Não fazia ideia de como seria lutar contra uma montanha, mas algo me dizia que estava prestes a descobrir. No entanto, como se eu fosse uma sacola de compras, o gigante me pegou pelo pescoço e me atirou para o lado quase inconsciente.
- Venha, pequena – disse esticando a mão gigantesca em direção a ela que sem conseguir reagir, apenas se debateu quando ele a carregou embaixo do braço.

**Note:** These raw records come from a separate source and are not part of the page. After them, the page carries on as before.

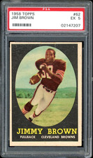 Jim Brown’s official rookie card is his 1958 Topps #62 card, one of the hobby’s most valuable football cards. On average, a mint copy of the card (PSA 9) is worth between $300,000 to $350,000. PSA has not graded any PSA 10 (Gem Mint) copies of Brown’s rookie card. See our article for more info on Jim Brown’s Rookie Card.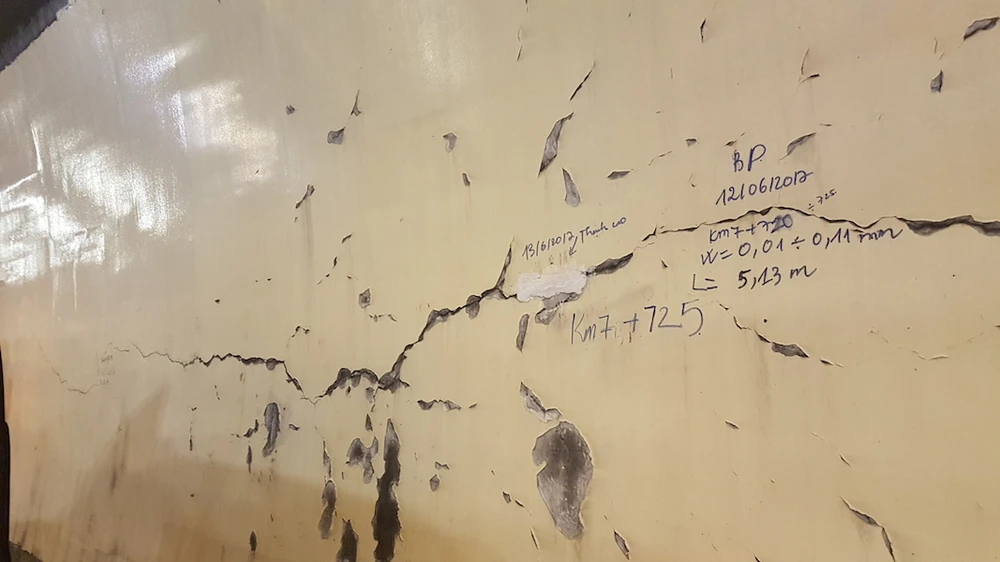 Hàng loạt vết nứt xuất hiện trong hầm Hải Vân từ năm 2014 làm bong tróc lớp sơn epoxy bên ngoài. Tư vấn giám sát dự án liên tục quan trắc, đánh dấu ngay trên vết nứt để theo dõi quá trình biển đối của vết nứt. Ảnh: TẤN VIỆT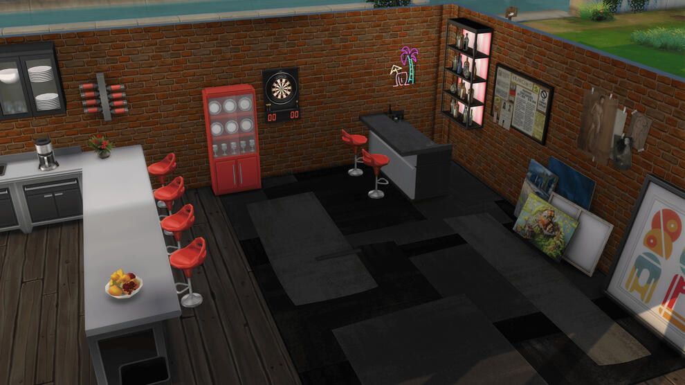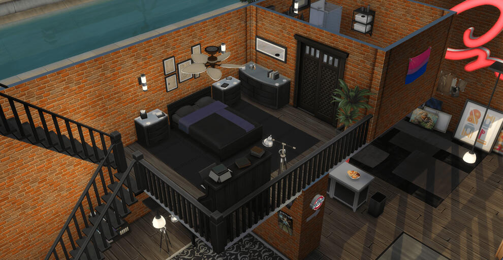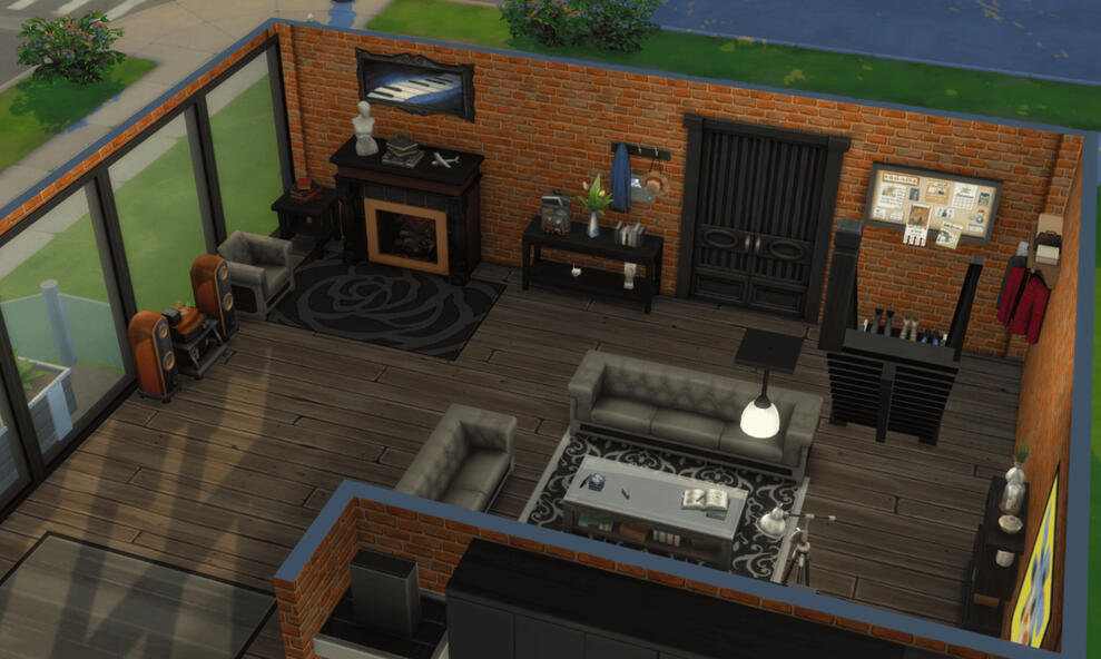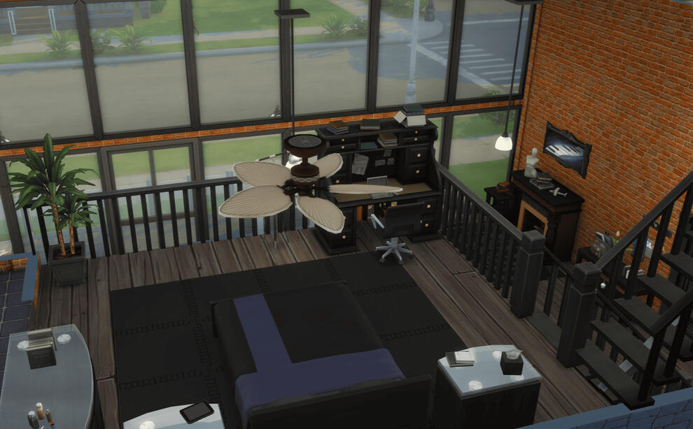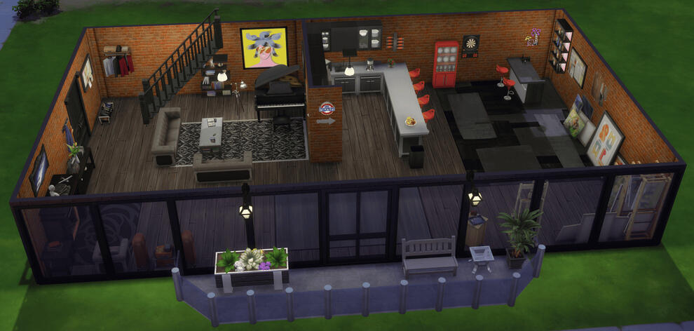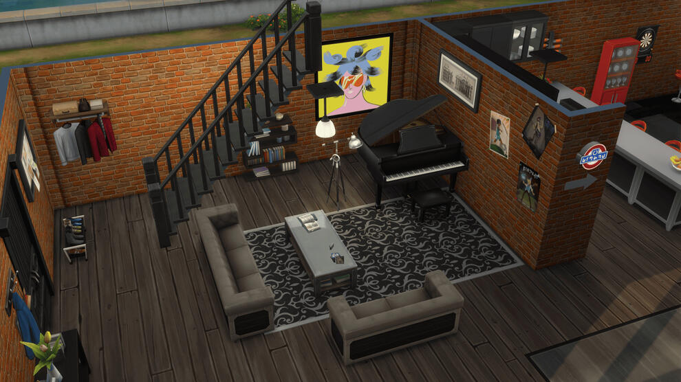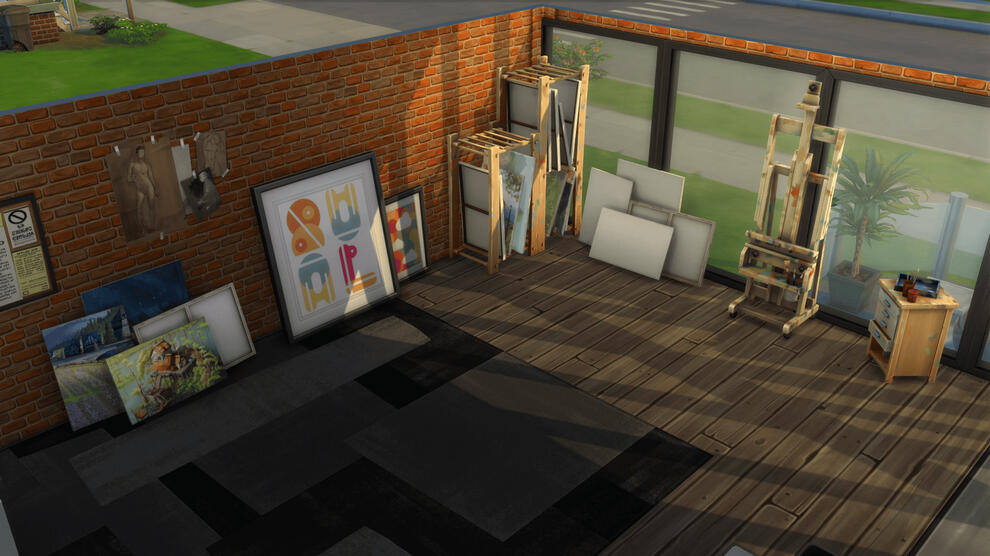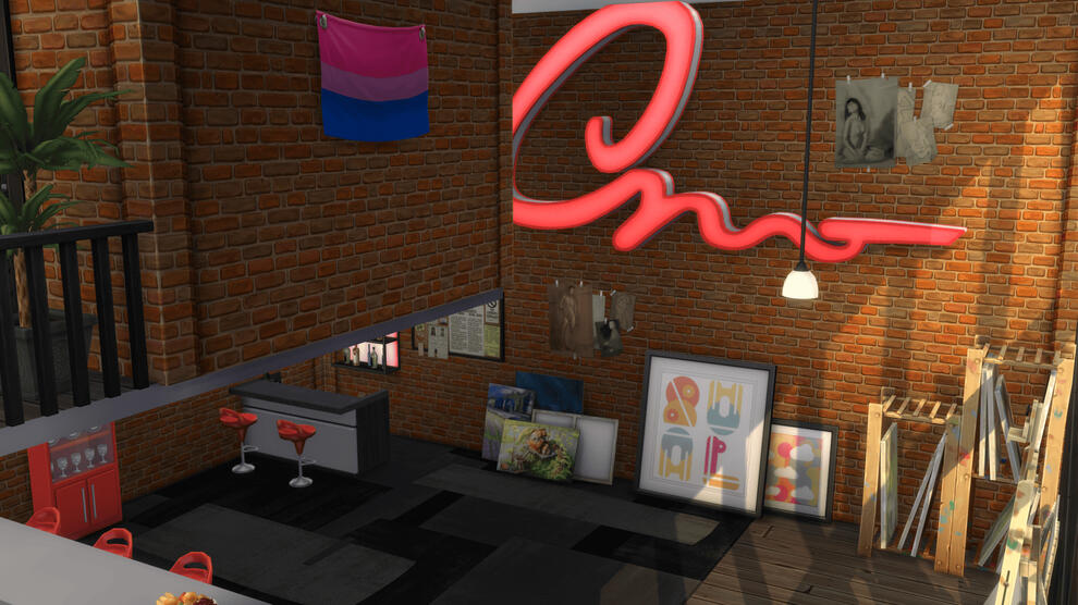 Espacio abierto de techos muy altos y una pared formada por un gran ventanal donde se encuentra el recibidor y una pequeña sala de estar con sofás, una esquina dedicada a la lectura y a su colección de vinilos, junto a una chimenea. En la esquina contraria se encuentra el área más caótica, donde tiene todos los lienzos (algunos de ellos destrozados fruto de sus incontrolables ataques de ira), además de una pequeña zona con un mini-bar y una diana para jugar a los dardos.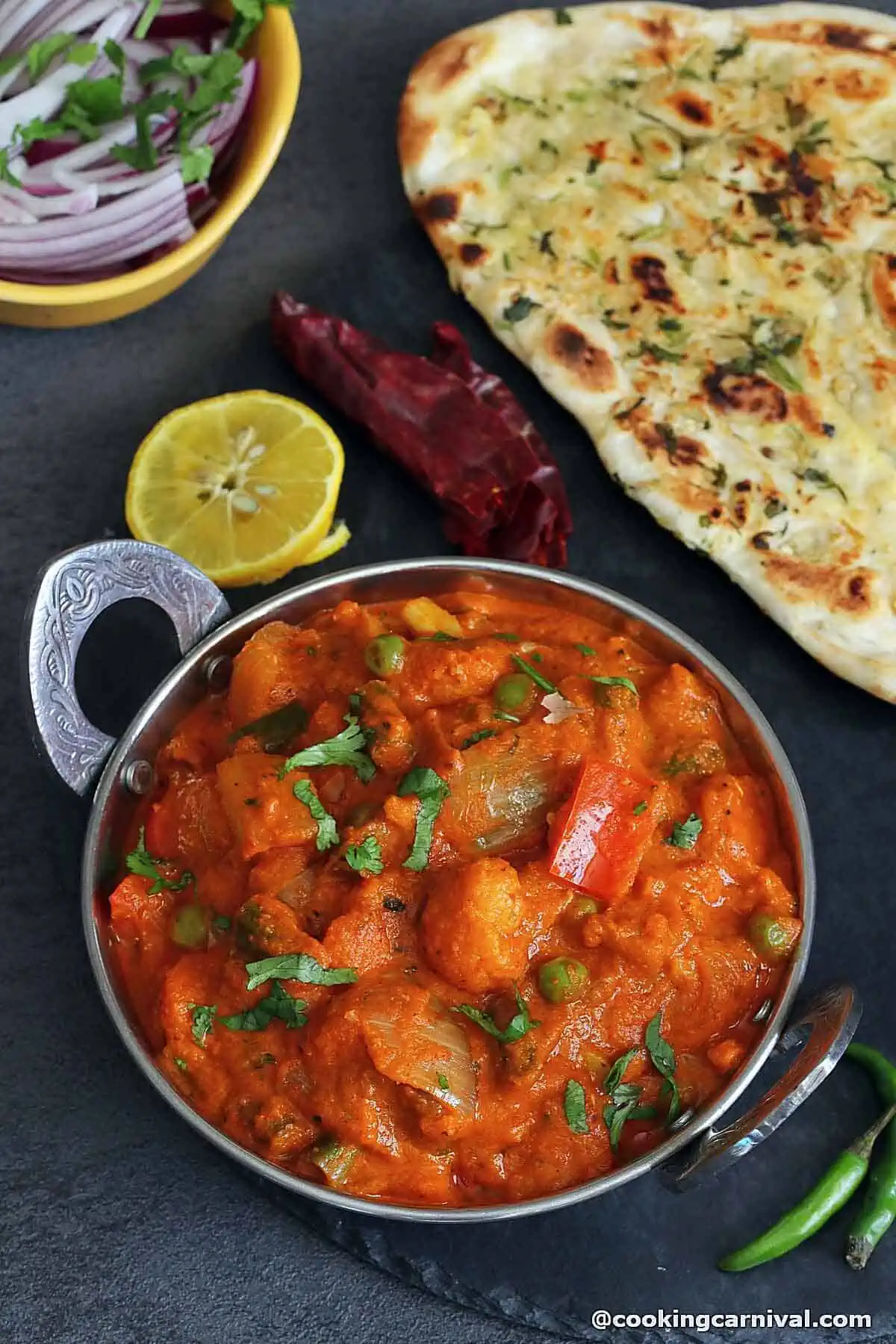 Mixed vegetables are cooked and then simmered in spicy, onion-tomato-garlicky gravy and served with Tandoori roti or garlic Naan!

- Me solta! Me solta! – gritou dando socos nas costas que pareciam um tronco de árvore e chutando.
As pessoas viam aquela cena apenas pelas portinholas em suas portas e, tão logo eles passavam, elas eram fechadas e trancadas com um estalo, como se o gigante pudesse arrancar-lhes os filhos e filhas pela abertura.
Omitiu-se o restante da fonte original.